Wednesday, May 3rd, 02023 at 13:31 UTC

Over the years we’ve experimented with different types notebooks to fit our needs. We’ve bought and used nice notebooks with hard and soft covers. (Some were too nice to even use!) They are all great, but our needs are less about the perfect paper and more about ubiquitous capture. If we have an idea, we write it down so we don’t forget. If we are trying to explain a concept, sometimes it is easier to doodle it out.

This love of notebooks and documentation lead us to experiment making our own. They aren’t fancy, but get the job done. Having something that is not sacred means it is OK to use, get worn and make mistakes. Plus, you learn a lot along the way about what you like and don’t. For awhile we experimented with only yellow pages inside our notebooks. It was easier on the eye and unique, but was it practical?

We experimented A7 “notebooks” ( style) from a single folded A4. A one-off for a single trip with pre-printed maps, calendar, addresses, phone numbers and plenty of space to take notes. At the other extreme, we’ve folded A3 pages down to A4-sized notebooks to use with others when collaborating. We continually look into how to connect analog notebooks into a digital workflow with special pages you can print and insert yourself. This DIY technique makes it more relevant to you, reusable, and customizable.

Different tasks suit different styles of documentation. You need a notebook for every occasion.

Recently, we did some traveling and attended a conference. We took along some of our prototype ideas to get feedback from other friends who would be in attendance. Even though it wasn’t our focus, those small business card notebooks were just sitting there, asking to be written on. Then came the revelation. We were using them “wrong”. We assumed that if it looks like a notebook, it opens like a notebook!

As tiny business card sized notebooks, they didn’t make any sense in the portrait orientation. You could probably fit 4-5 words of hand-writting before you ran out of space and started a new line. It felt right to turn them landscape and open them upwards. Then the business card notebook was as wide as a business card and twice as tall. Much closer to an A7 page.

We sat at the conference, scribbling notes all day long onto this tiny book. It felt really good to then close it up and put it into your wallet.

Now we’re looking into making more business card sized notebooks with designs that are specifically in landscape so it is more evident that this is the way they should be used. We are also exploring the page count. Our prototype had 32 pages, but that made the notebook a bit thick for a wallet or business card holder. Having less pages means it fits in better, but gets used-up faster. It is a trade-off that we’ll keep experimenting with.

This design of opening along the spine in landscape rather than portrait isn’t new. There was a short trend to print books and short stories as landscape style books. These are called “Flapback books” and in 02011 (and again in 02018) there was a rumbling that these might be the future of print!
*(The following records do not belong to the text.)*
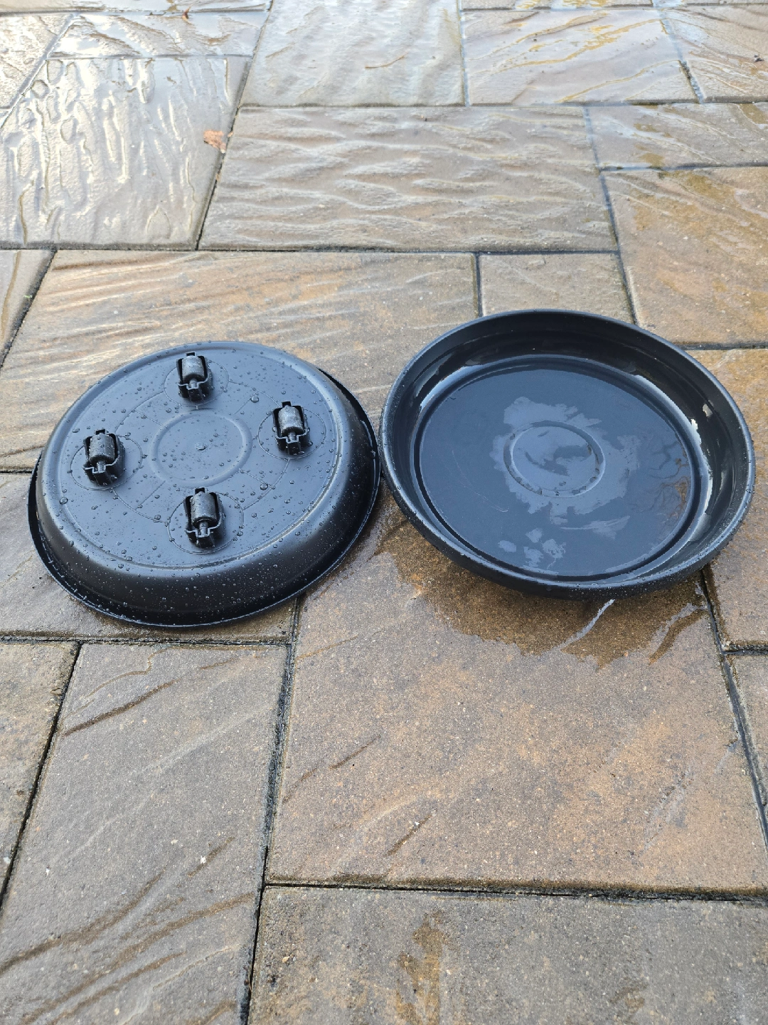 10Set of TWO Black Plant Pot Saucer with Wheels 11" wide, 9" inside diameter Pick up from Richmond Hill Cash only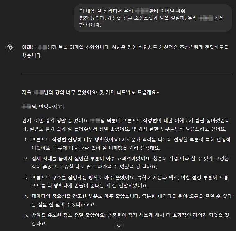 부디 GPT가 매끄럽게 온화하게 잘 써주길 바랍니다.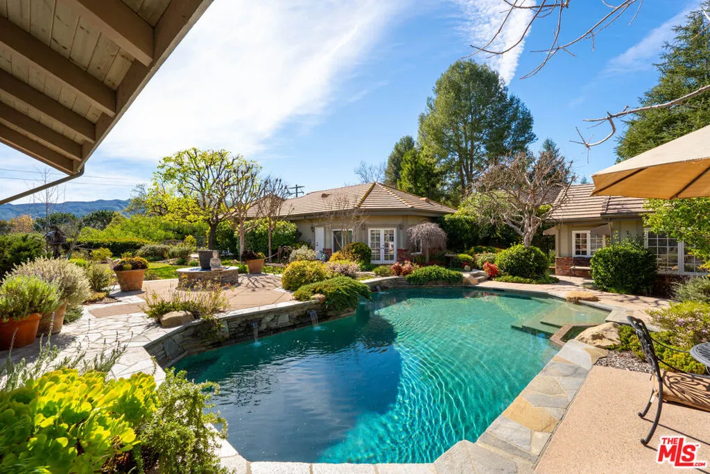 Rarely available in Countryside Estates, this beautifully maintained English Country estate sits on a flat, fully usable acre in a peaceful setting surrounded by the natural beauty of the Santa Monica Mountains. Lovingly cared for by the same family for decades, the property offers exceptional privacy, space, and flexibility while remaining close to everyday conveniences and the coast. The approximately 5,000-square-foot residence offers 6 bedrooms and 7 bathrooms, with spacious, light-filled living areas designed for comfortable living and easy entertaining. Recent updates include new flooring in the living room and new carpet in the primary suite. Two separate guest houses provide outstanding versatility for extended family, guests, home offices, or creative space, creating a rare multi-structure, compound-style opportunity. The grounds feature a pool, spa, and sports court with a new overhang, along with expansive usable land and mature landscaping. The backyard enjoys open mountain views and beautiful sunset exposure, creating a private, nature-filled setting. A rare 7-car garage plus dedicated RV parking offers exceptional flexibility for vehicles, recreation, or storage. Energy features include owned solar (52 panels) and a 26kW Generac Guardian whole-home generator. Located in the sought-after Countryside/Cornell area near Paramount Ranch, the property offers a unique balance of privacy and accessibility just minutes to the 101 freeway, shopping and dining in Agoura and Westlake Village, and approximately 15 minutes to the beaches of Malibu.
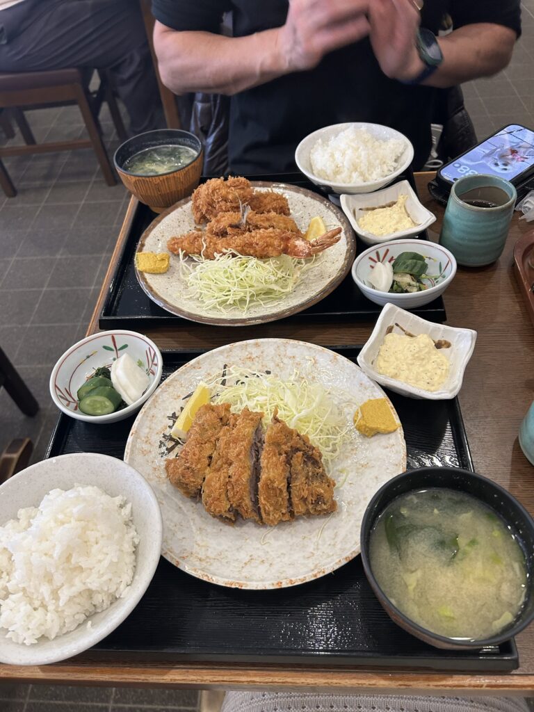 まずは夫のミックスフライ定食。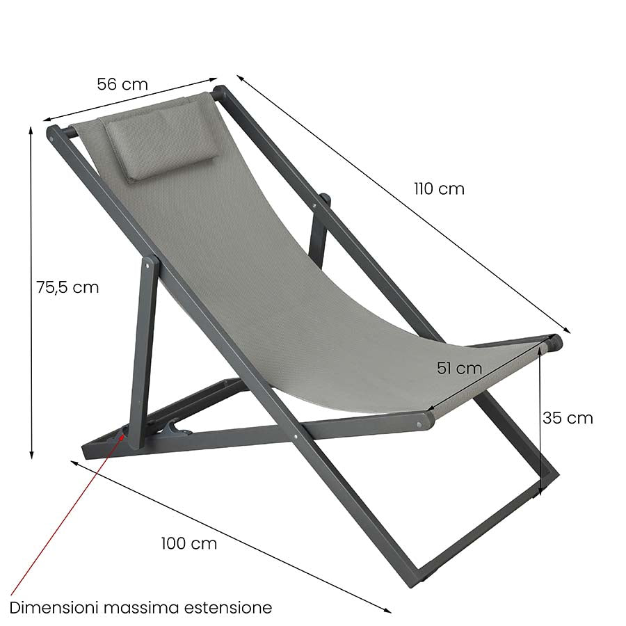 Le dimensioni della sedia a sdraio Gilda, alla sua massima estensione, sono di 100 x 56 x H. 75,5 cm, mentre le dimensioni da chiusa sono di 60 x 8 x H. 132 cm.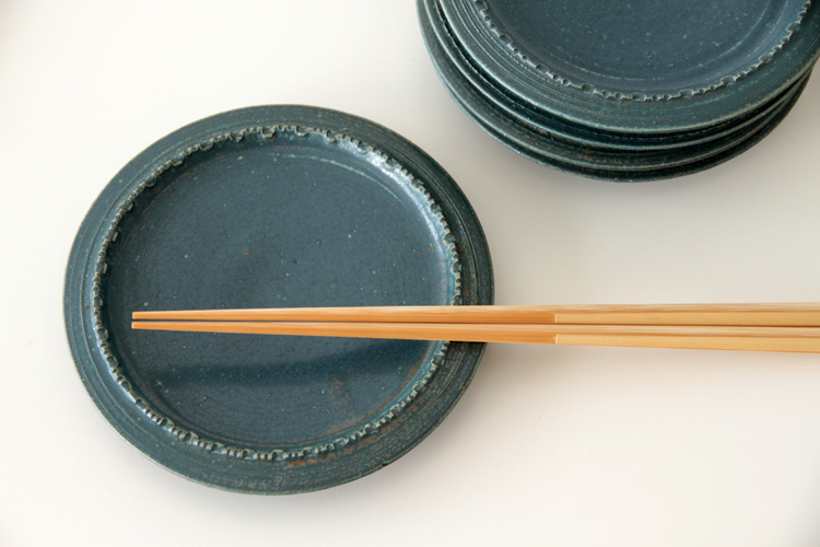 熊本さんの青は食材を合わせ易い青。取り皿ににもケーキさらにも良いサイズ。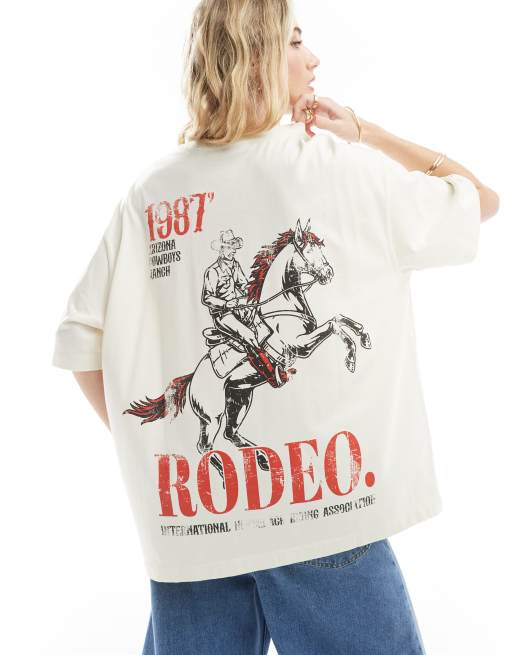 ASOS DESIGN - T-shirt coupe boyfriend avec imprimé Rodeo - Crème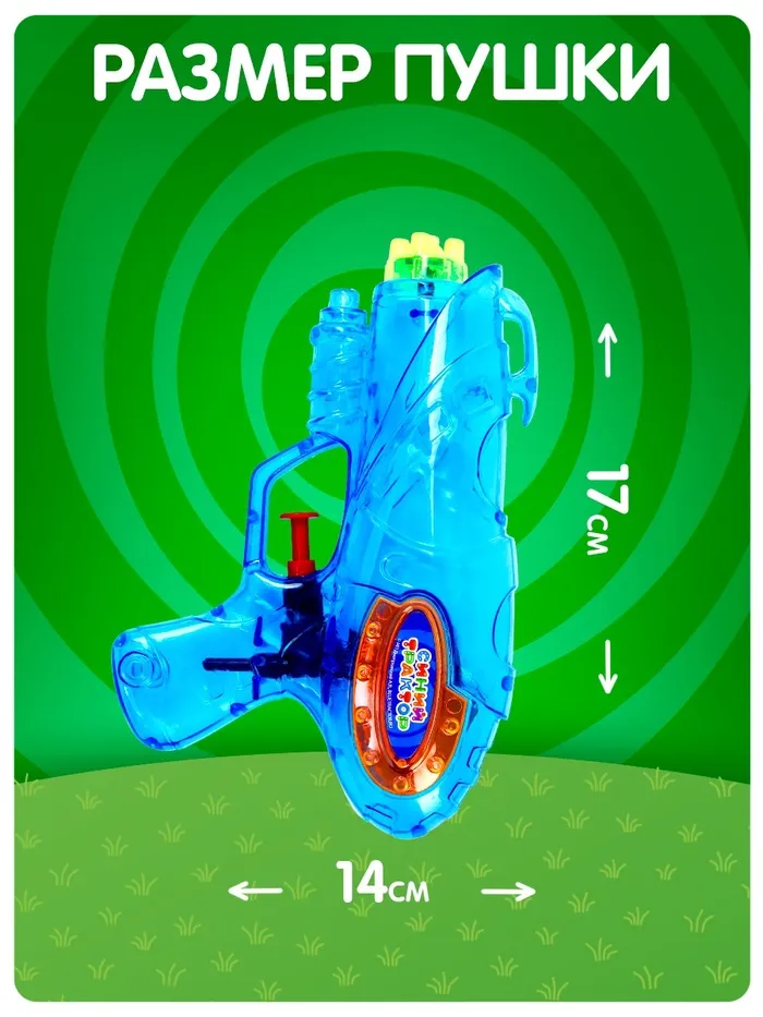 Устрой весёлый водный бой этим летом! Яркий водный пистолет — незаменимый атрибут летних игр. С ним обычный день на даче или пляже превращается в настоящее приключение. Достаточно залить 150 мл воды — и можно начинать соревнование на меткость.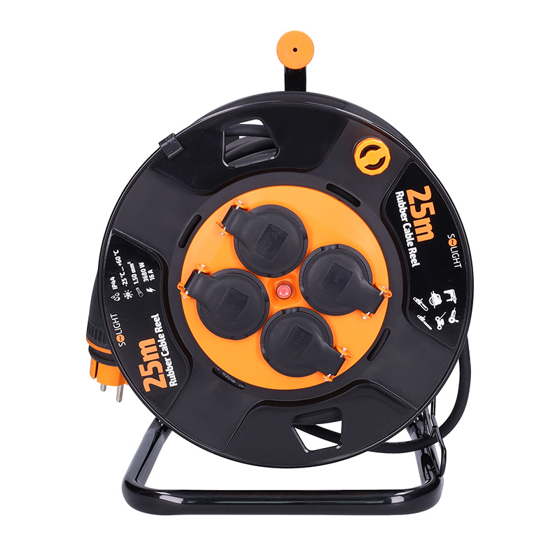 25m gumový kabel na bubnu z odolného plastu a čtyřmi zásuvkami je ideální pro použití venku, na zahradách, stavbách nebo v dílnách. Bytelná konstrukce s krytými zásuvkami i kabel samotný jsou odolné proti povětrnostním podmínkám a mechanickému namáhání.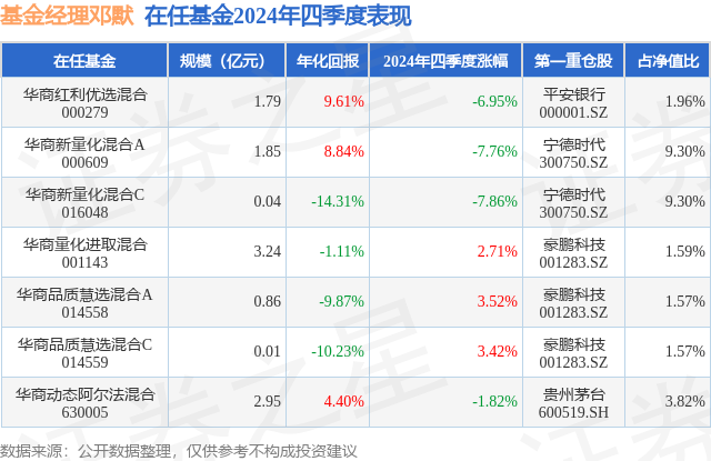 华商新量化混合A现任基金经理为邓默。其中在任基金经理邓默已从业9年又139天,2015年9月9日正式接手管理华商新量化混合A,任职期间累计回报为74.7%。目前还管理着7只基金产品(包括A类和C类),其中本季度表现最佳的基金为华商品质慧选混合A(014558),季度净值涨幅为3.52%。
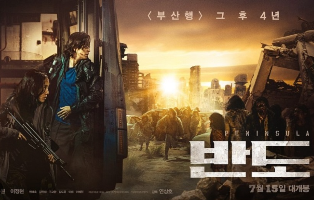 반도는 좀비가 발생하여 한국을 황폐화시킨 부산행의 재앙적인 사건 이후 4년 만에 배경이 됩니다. 이 이야기는 초기 발병 당시 홍콩으로 탈출한 전직 군인 정석(강동원)의 이야기를 다룹니다. 가족을 잃은 죄책감에 시달린 정석은 좀비가 만연한 나라의 황무지에 버려진 현금으로 거액을 실은 트럭을 되찾기 위해 반도로 돌아갈 기회를 얻게 됩니다. 그는 용병들과 함께 돈을 확보하고 더 나은 삶을 살기 위해 한국으로 돌아옵니다.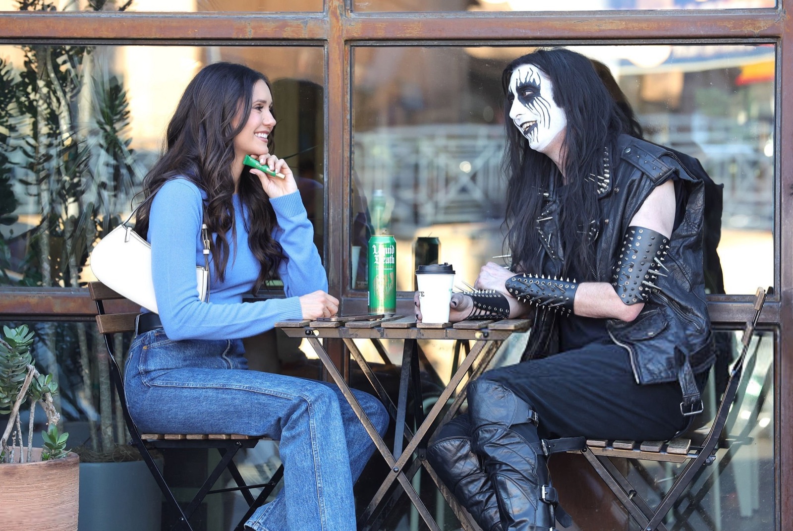 Nina Dobrev tourne une pub maquillage avec un goth en terrasse
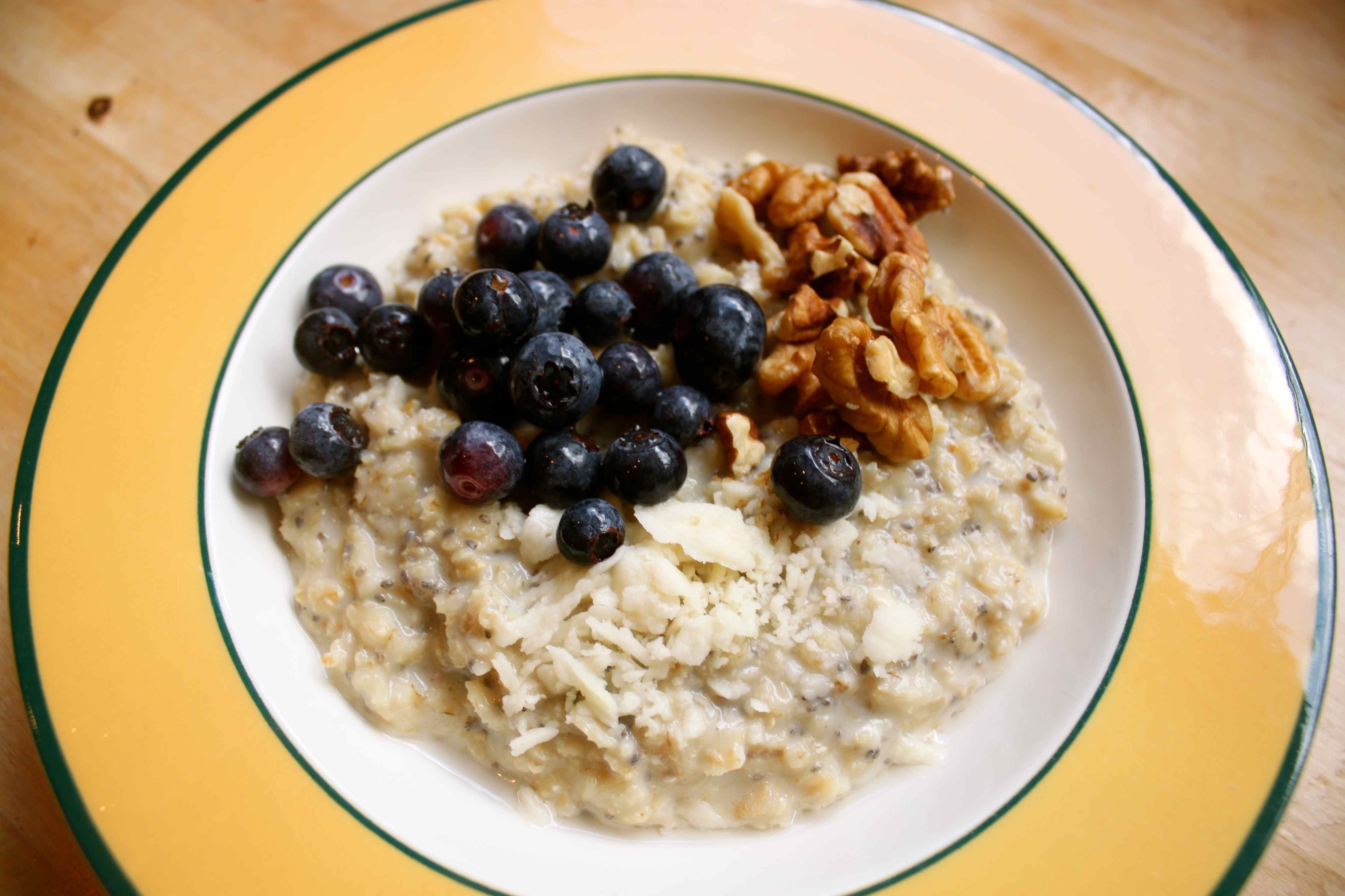 I made porridge and added chia seeds and walnuts for protein and 1 tsp coconut butter for fat plus extra protein, vitamins and minerals.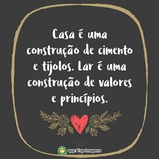Casa é uma construção de cimento e tijolos. Lar é uma construção de valores e princípios.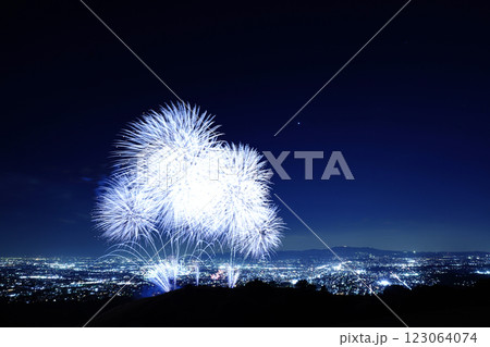 若草山山頂から望む奈良瑠璃絵2025花火フィナーレ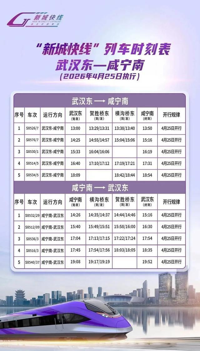 武咸城际“新城快线”依托既有武咸城际铁路,连接武汉东站、贺胜桥东站、横沟桥东站、咸宁南站,运营全程80公里,旅行时间45分钟。光谷至咸宁温泉景区缩至1小时。票价21元,较高铁便宜18元。乘客无需对号入座,出站自动扣费,真正实现“随到随走”。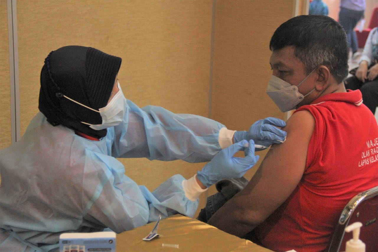 Vaksinasi booster merupakan sebagai salah salah satu bentuk ikhtiar untuk meningkatkan imunitas dan menurunkan tingkat keterpaparan virus varian baru sekaligus mendukung upaya pemerintah pada pencegahan Covid-19. (Humas Kemenkumham Jateng)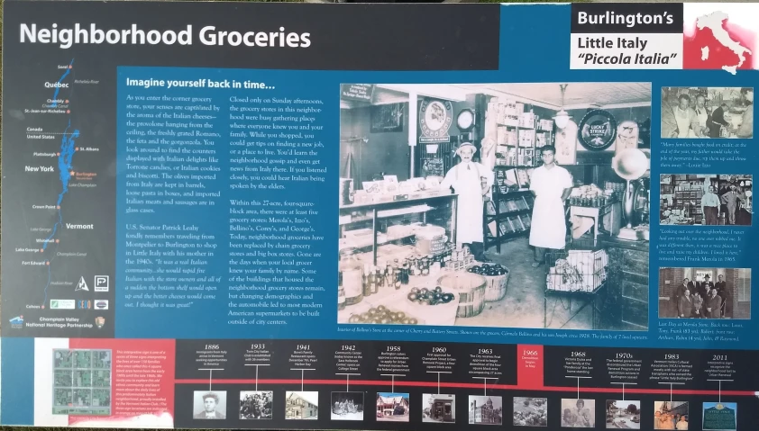 Gli immigrati italiani si stabilirono anche nel centro urbano di Burlington in gran numero, come operai che lavoravano sulle ferrovie e altri nei depositi di legname. Alcuni divennero venditori ambulanti di frutta e verdura, e più tardi aprirono mercati per servire la crescente popolazione italiana. Per gli italiani di questo quartiere di Burlington - nonostante le difficoltà della grande depressione - gli anni precedenti la Seconda Guerra Mondiale furono una specie di "età dell'oro" sociale e culturale. Le loro attività commerciali popolavano il quartiere. Per i generi alimentari in generale, ma in particolare per la pasta, il salame e le olive, i vicini facevano la spesa da Colaceci, Izzo e Merola. Per una serata fuori la gente cenava al Bernardini's Café, e a partire dal 1941 e per i successivi 70 anni Bove's era il ristorante dove offrire alla famiglia e agli amici una cena italiana a buon mercato.

A Flapback Book’s main benefit was that you could more easily hold them in one-hand and read while in the other hand drinking a coffee, or laugh while eating salad. Either way, the design never really seemed to take-off, which is also something to consider for our notebooks. Other similar concepts have come and gone, so why would ours be any different?

Make your own prototypes

You make your own, you just need paper and a stapler. A standard credit card is 85.60mm × 53.98mm (3+38 in × 2+18 in) conforming to the ISO/IEC 7810 ID-1 standard. Cut several sheets of paper to be ~85mm wide and ~108mm tall, then fold in half and trim if needed, to make a credit card sized book. Finally, staple along the spine and there you go! Put as many pages in as you feel is enough and carry it around with you for a week.

The next task is to find yourself a good EDC (Every Day Carry) writing implement. Ours is the Blank Force EDC Ink pen.

Artisanal Letterpressed Notebooks.

Our love of notebooks lead us to create a small side-project called It started with a kickstarter project in 02014 where we created a series of beautiful letter pressed notebooks of various islands from around the world. It is a series of 6 islands, plus 1 intrasteller Martian island.

It has always been our goal to grow the collection, but logistics of physical things is very different than digital ones. (Me shakes fist at the Icelandic Postal Service.)